For some, exercise comes naturally and we do it regularly from childhood, but for others, it takes something life changing to pull on those training shoes
For 36 year old Amy, it was a difficult breakup that encouraged her to start running at 25. Before that, she says, she’d never exercised.
Now, running has helped her through a miscarriage and the gruelling process of IVF, and she calls running her “lifeline”. Speaking to the Metro newspaper, she says that at 25, she was struggling with a breakup and one day just decided to put on some trainers that she happened to have, and start running.
She says it was a sort of therapy that she needed to help her clear her head, that didn’t cost her anything
“It was a big break up and I felt like my life was out of control. I desperately needed some head space, so, over a period of a few months, I put some old trainers on and plodded down the Thames listening to emo rock. When we finally broke up for good, I just carried on running.”

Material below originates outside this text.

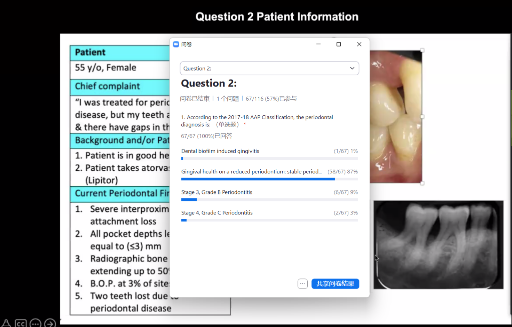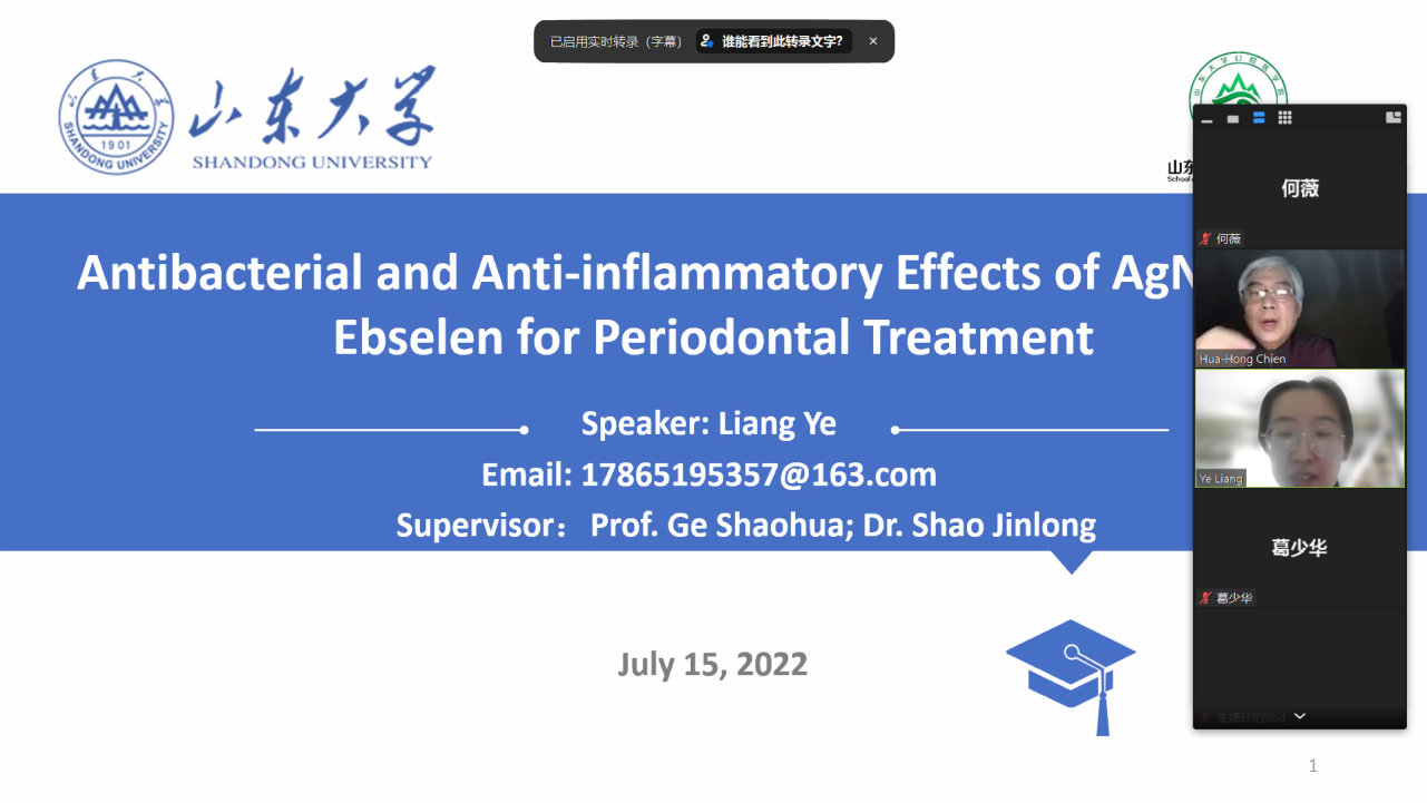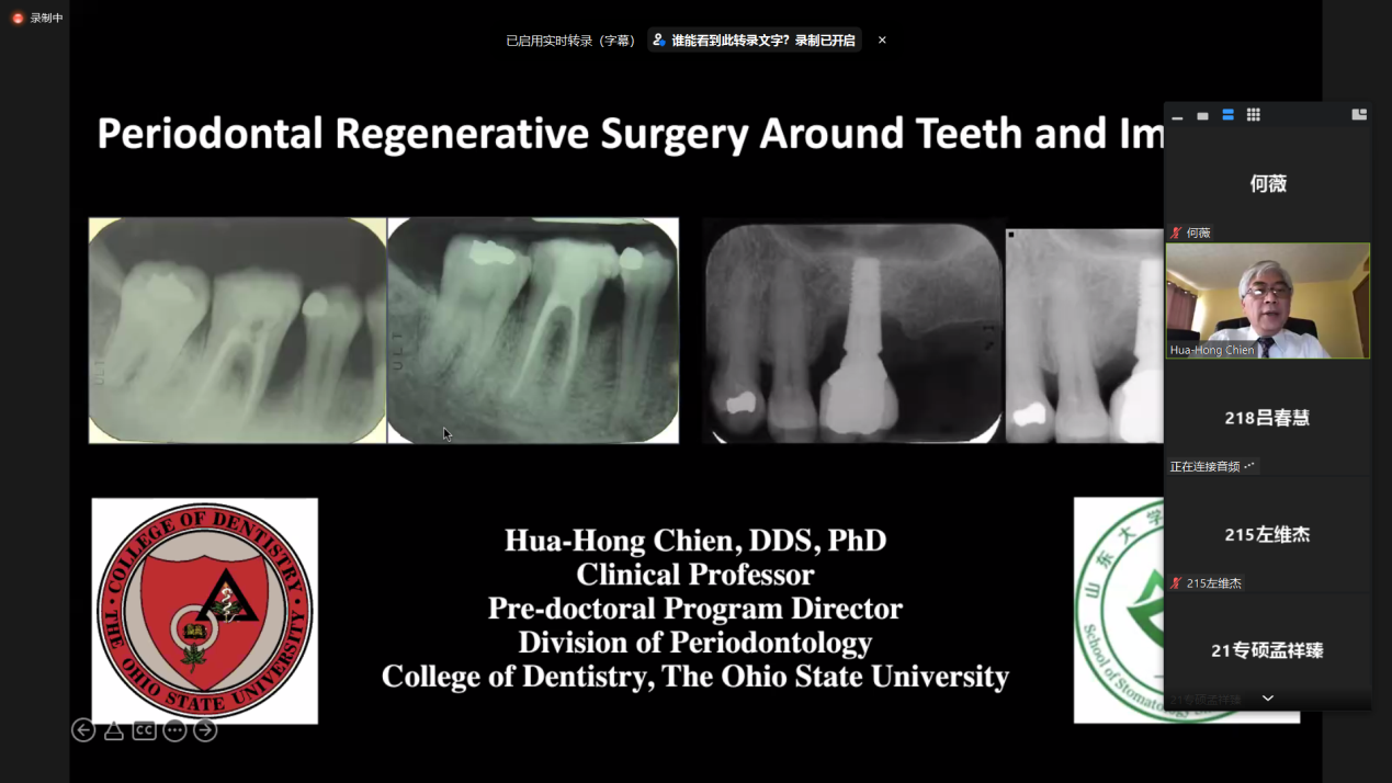 本课程共16学时,Chien教授通过线上教学的形式与学院师生共同探讨了口腔医学临床与科研中的前沿问题。从牙周病和种植体周疾病的分类,到牙周非手术与手术治疗,Chien教授深入浅出地讲解了牙周病学的基本内容和牙周组织再生中的应用,尤其在嵴顶保存术与引导性骨再生作为增加骨量的手段,为种植作预备;利用CAD/CAM手术导板辅助种植体植入,以及机器人动态导航的前景。讲座内容还包括牙周软组织异常的治疗,包括游离龈移植、结缔组织移植、Bruno技术和隧道技术等。此外,还介绍了治疗露龈笑的多种方法,根据牙萌出异常、上唇动度过大等病因针对性进行冠延长术、上唇再定位术治疗。用图片与视频结合的方式展示了多个病例的治疗与预后,通过问卷与同学们积极互动,给予老师和同学们许多学术与临床的启示。讲座中,专业学位硕士研究生王月做了病例汇报,本次报告的主要内容为对一位先天多颗恒牙缺失、乳牙滞留的17岁女性患者,行上颌 3D打印钛网支架骨增量及下颌onlay骨移植,分期种植,下颌角化组织不足处行游离牙龈移植术,完成全口种植修复,最终恢复了患者口颌功能,获得了良好面容改善。专业学位硕士研究生梁晔做了题为《纳米银颗粒与Ebselen联合抗菌抗炎作用研究》的科研汇报,主要涉及抗菌材料纳米银颗粒用于牙周炎抗菌治疗的问题,而与Ebselen联合可发挥协同抗菌作用及减轻纳米银颗粒导致的细胞氧化损伤。汇报后,Chien教授给予了中肯的评价,对病例的治疗和科研的设计给出了关键的指导意见,介绍了最新的前沿理念,博得了全体师生的一致好评。

Amy is partially deaf, and her experiences at school put her off exercising. “We only ever did team sport and relied on me hearing people across fields – which, quite understandably, I was rubbish at”.
“I hated fitness at school. My hearing aids used to fall out periodically as they were fairly big back then, and I couldn’t ever hear the instructions so I was completely useless. I didn’t do anything until I discovered running at 25, and 11 years on. I haven’t stopped.”
She told the Metro that even though with a hearing impediment you need to be careful when out running, you can weigh that up by using your eyes more
Amy soon found herself running three or four times a week. It helped her deal with the bouts of anxiety and depression she suffered during her late 20s after realising that it was more suited to her than medications and counselling.
Amy usually runs alone and now takes part in Park Runs, 10km and half marathon distances. But her journey hasn’t been without hiccups.
“A few years ago, I broke my foot and it wouldn’t heal – I ended up having a bone graft. Those six months on crutches were bleak, but I ran the Brighton Marathon a year later. It was one of the best days of my life.”
Running became a coping tool
Now, running has proven effective as a different form of therapy for Amy – three years ago it helped her deal with a miscarriage she suffered after trying to become pregnant for a long while. Afterwards, she went to stay with a friend in Scotland and “spent the week running in the middle of nowhere in Inverness. It helped me avoid spiralling into despair”.
After more struggles trying to become pregnant, Amy and her husband made the difficult decision to begin the process of IVF. At a time when it felt like everyone she knew was announcing pregnancies, running helped Amy cope with the process.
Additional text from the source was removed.